Addresses: Department of Computer Science, University of Turin, Turin, Italy ' Department of Computer Science, University of Turin, Turin, Italy ' Nuance Communication Inc., Strada del Lionetto, 6, Turin, Italy

Abstract: Many natural language understanding tasks require clean input textual data in order to train systems with the highest precision. Such data, usually collected from surveys or the web, are manually processed in order to remove morphosyntactic variability, spelling errors and incoherence in naming entities. Since these operations are conducted by domain experts and annotators, they are usually costly and time-consuming.
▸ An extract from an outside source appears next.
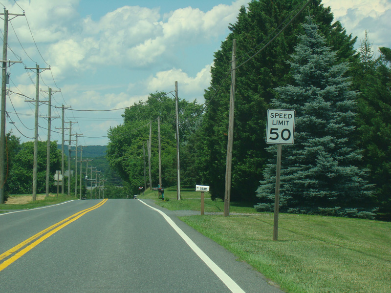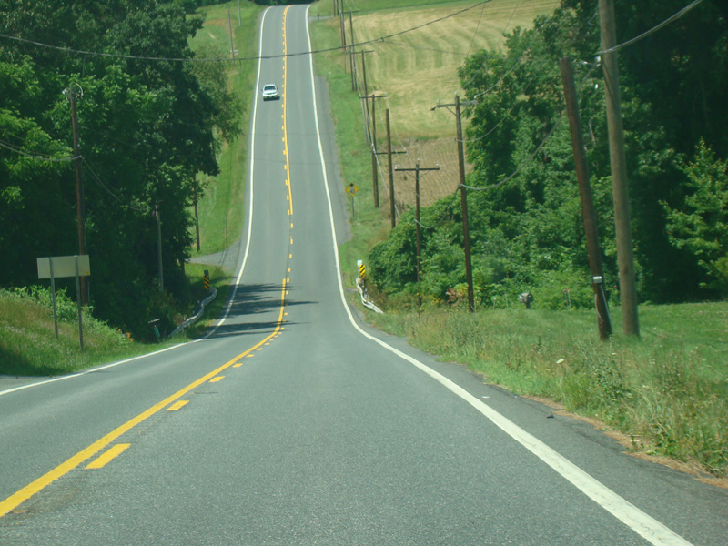 The speed limit drops to 40 MPH. There is an uncontrolled intersection at Old Pylesville Road, and then Ady Road ends at a stop sign at Pylesville Road (MD 165). Turn right to go north or left to go south.

Furthermore, this scenario is very common in industrial tasks where annotators are hired. In this context, we propose an innovative and simple method that extracts correction patterns, i.e., <expression, replacement> pairs, where expression is a matching string and replacement indicates how to re-write the matched string. Such tool can be used both to evaluate annotators (since it provides a deep understanding of their work) and to automatically revise the texts. We extensively tested our method in a multilingual setting, obtaining outstanding results over baseline approaches.

Keywords: pattern extraction; natural language understanding; annotation learning; correction patterns.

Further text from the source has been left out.